*** Opening of RECORDS FOR THIS EXERCISE ***

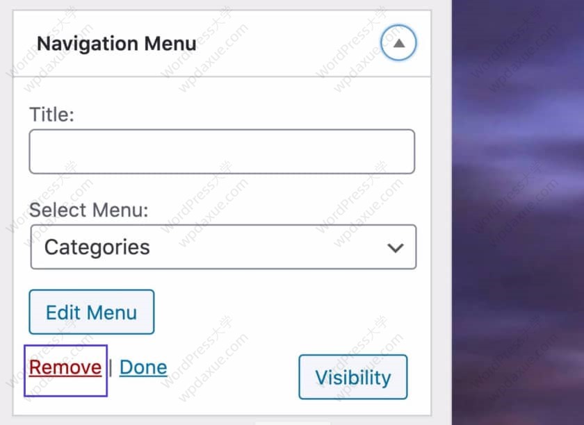 要在“小工具”屏幕中删除小工具,请找到该小工具,然后单击小工具设置框左下方的删除链接。
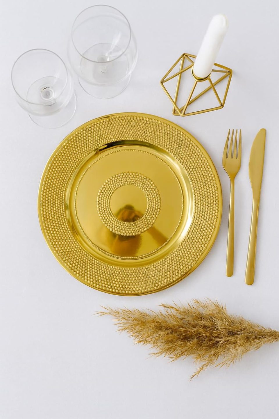 • 🔸 Elegant Gold Finish – Luxurious Table Accent Add a royal touch to your table setup with this exquisite 13-inch gold charger plate. The polished metallic finish reflects elegance and sophistication, making it ideal for both formal and festive dining arrangements. Whether you’re hosting a wedding, banquet, or family dinner, this plate is sure to impress.
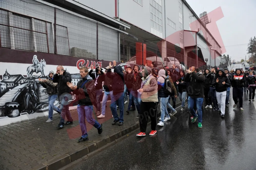 FOTO | Miting în Gruia. Fanii au cerut explicații conducerii și i-au rugat pe jucători să nu plece. Mureșan: „CFR-ul nu moare!”
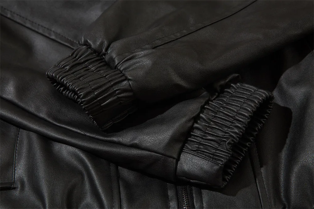 Aidase winter outfits men Pocket Spliced Motorcycle Leather Jacket Mens Spring Streetwear Lapel Zipper Long Sleeve Jacket Men
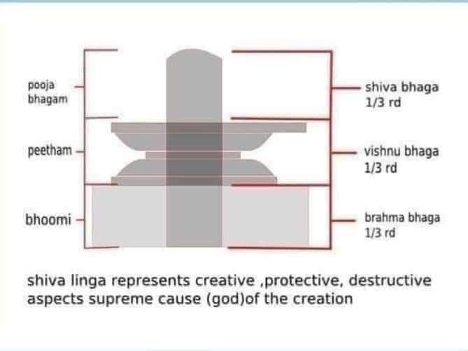निचला हिस्सा ब्रह्मा जी (सृष्टि के रचयिता), मध्य भाग विष्णु (सृष्टि के पालनहार) और ऊपरी भाग भगवान शिव (सृष्टि के विनाशक) हैं। अर्थात शिवलिंग के जरिए ही त्रिदेव की आराधना हो जाती है। तो वहीं अन्य मान्यताओं के अनुसार, शिवलिंग का निचला हिस्सा स्त्री और ऊपरी हिस्सा पुरुष का प्रतीक होता है। अर्थता इसमें शिव-शक्ति, एक साथ वास करते हैं।
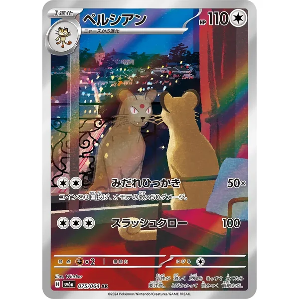 Découvrez Persian (sv6a075), une carte Pokémon de l’extension Night Wanderer, provenant du bloc Scarlet & Violet. Idéale pour compléter votre collection, cette carte Illustration Rare plaira autant aux collectionneurs qu’aux joueurs.

*** Close of RECORDS FOR THIS EXERCISE ***

Before handing back the copy, remove the pictures; otherwise print the data exactly.

 要在“小工具”屏幕中删除小工具,请找到该小工具,然后单击小工具设置框左下方的删除链接。
 • 🔸 Elegant Gold Finish – Luxurious Table Accent Add a royal touch to your table setup with this exquisite 13-inch gold charger plate. The polished metallic finish reflects elegance and sophistication, making it ideal for both formal and festive dining arrangements. Whether you’re hosting a wedding, banquet, or family dinner, this plate is sure to impress.
 FOTO | Miting în Gruia. Fanii au cerut explicații conducerii și i-au rugat pe jucători să nu plece. Mureșan: „CFR-ul nu moare!”
 Aidase winter outfits men Pocket Spliced Motorcycle Leather Jacket Mens Spring Streetwear Lapel Zipper Long Sleeve Jacket Men
निचला हिस्सा ब्रह्मा जी (सृष्टि के रचयिता), मध्य भाग विष्णु (सृष्टि के पालनहार) और ऊपरी भाग भगवान शिव (सृष्टि के विनाशक) हैं। अर्थात शिवलिंग के जरिए ही त्रिदेव की आराधना हो जाती है। तो वहीं अन्य मान्यताओं के अनुसार, शिवलिंग का निचला हिस्सा स्त्री और ऊपरी हिस्सा पुरुष का प्रतीक होता है। अर्थता इसमें शिव-शक्ति, एक साथ वास करते हैं।
 Découvrez Persian (sv6a075), une carte Pokémon de l’extension Night Wanderer, provenant du bloc Scarlet & Violet. Idéale pour compléter votre collection, cette carte Illustration Rare plaira autant aux collectionneurs qu’aux joueurs.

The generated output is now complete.